• **WORK TO BE COMPLETED**
Would you return the data below exactly as it stands, with every picture left out?

• **AVAILABLE DATA**
☆ ☆ ☆
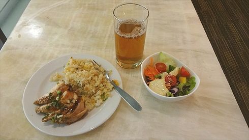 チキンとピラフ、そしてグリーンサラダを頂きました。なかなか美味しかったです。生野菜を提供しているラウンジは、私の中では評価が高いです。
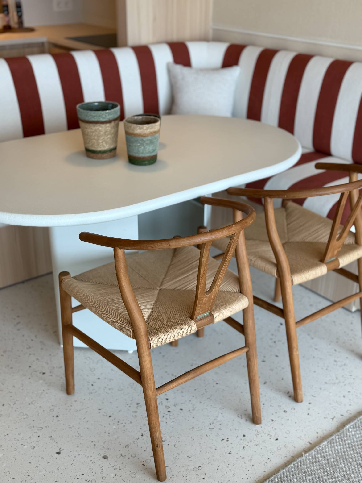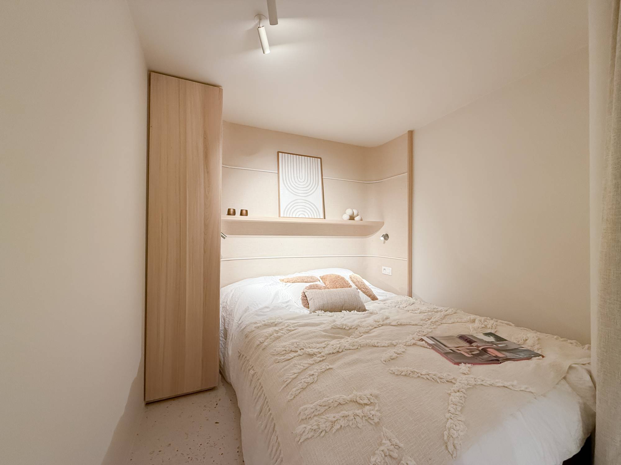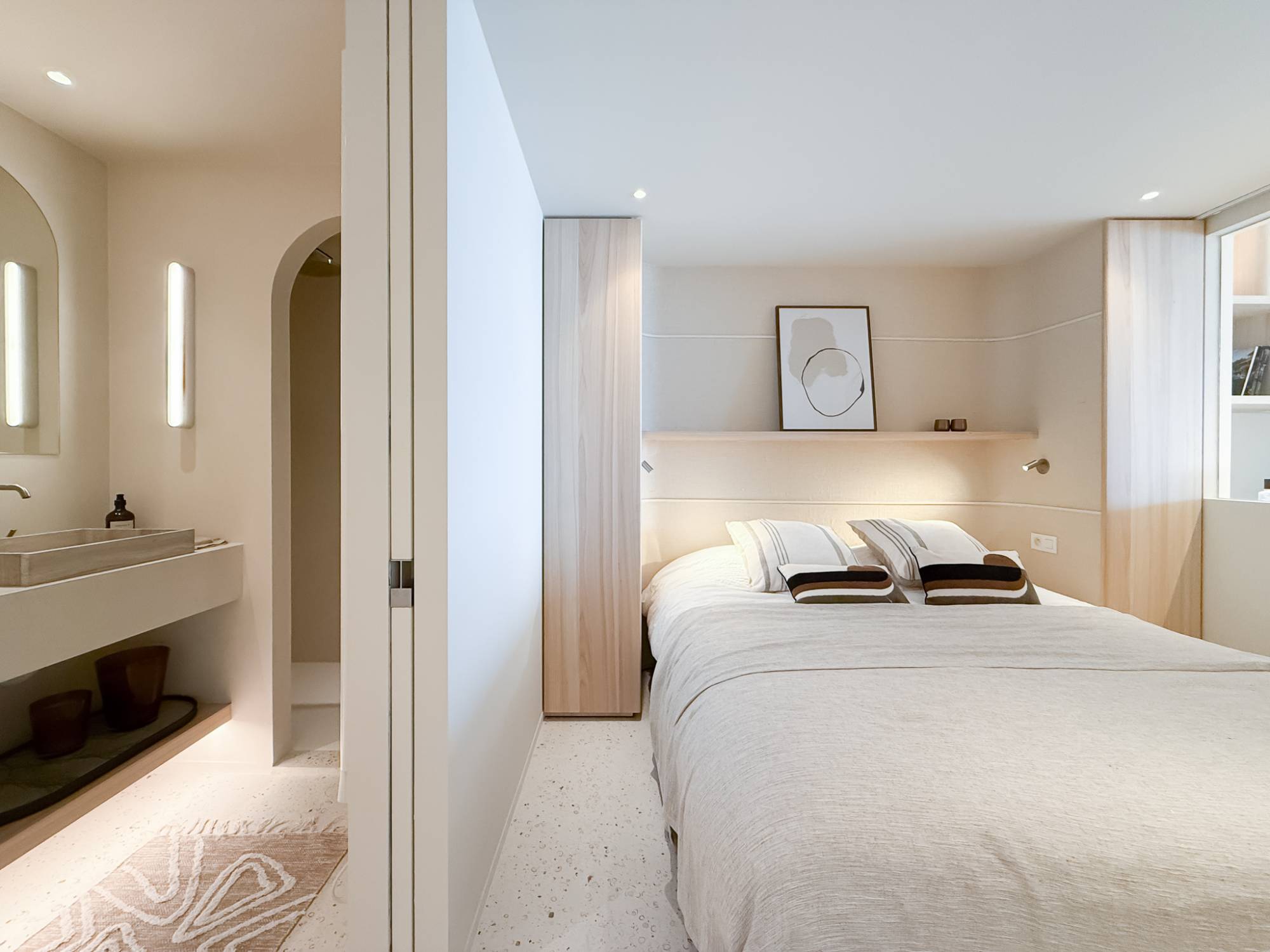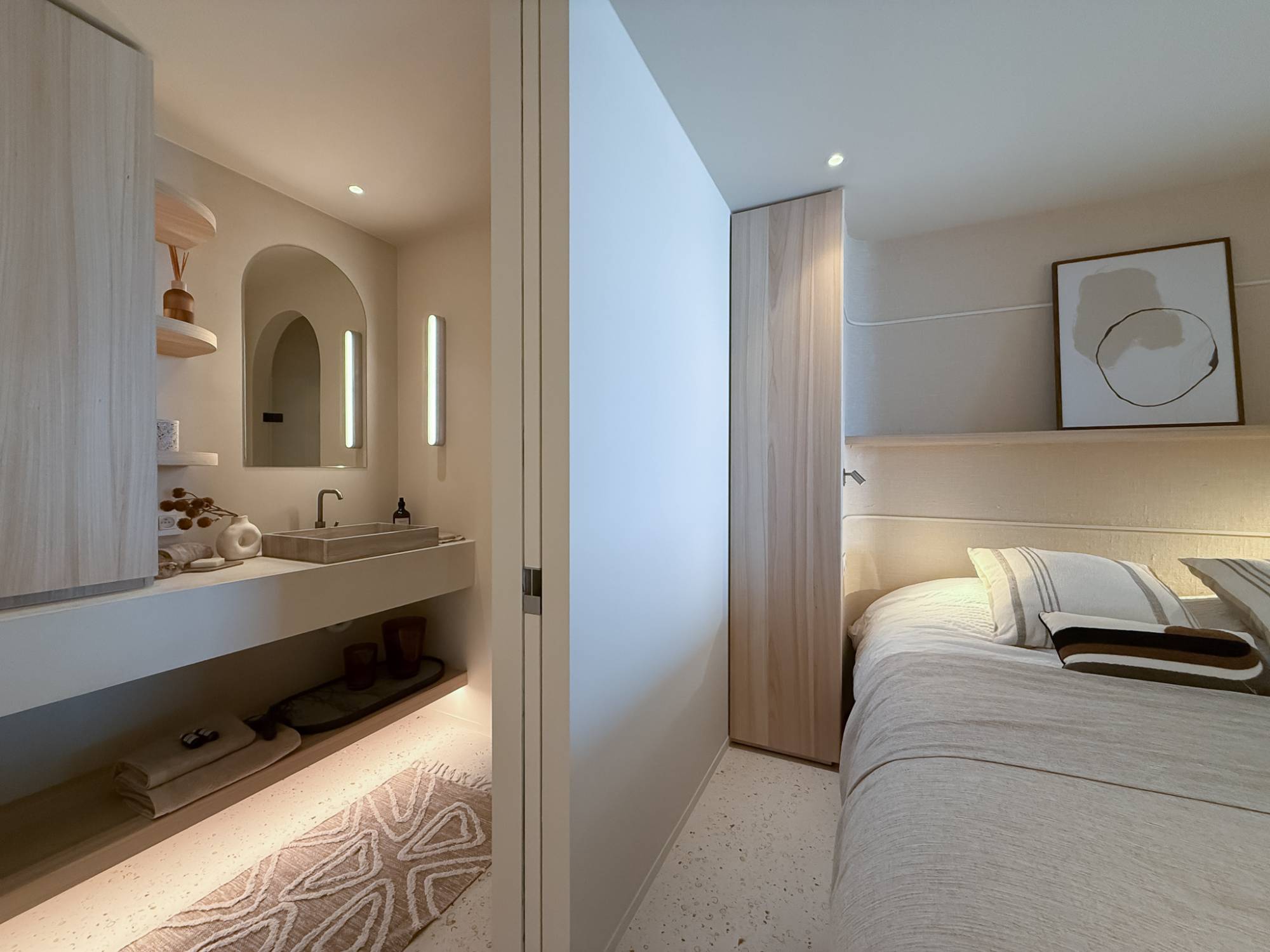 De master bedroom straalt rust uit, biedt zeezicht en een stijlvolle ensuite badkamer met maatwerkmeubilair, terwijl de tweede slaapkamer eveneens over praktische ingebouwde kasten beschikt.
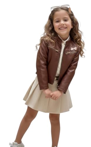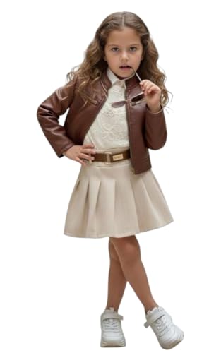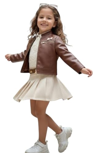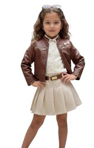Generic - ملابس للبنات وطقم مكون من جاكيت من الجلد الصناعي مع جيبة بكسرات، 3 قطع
☆ ☆ ☆
• **ANSWER TO THIS PROBLEM**
 チキンとピラフ、そしてグリーンサラダを頂きました。なかなか美味しかったです。生野菜を提供しているラウンジは、私の中では評価が高いです。
 De master bedroom straalt rust uit, biedt zeezicht en een stijlvolle ensuite badkamer met maatwerkmeubilair, terwijl de tweede slaapkamer eveneens over praktische ingebouwde kasten beschikt.
Generic - ملابس للبنات وطقم مكون من جاكيت من الجلد الصناعي مع جيبة بكسرات، 3 قطع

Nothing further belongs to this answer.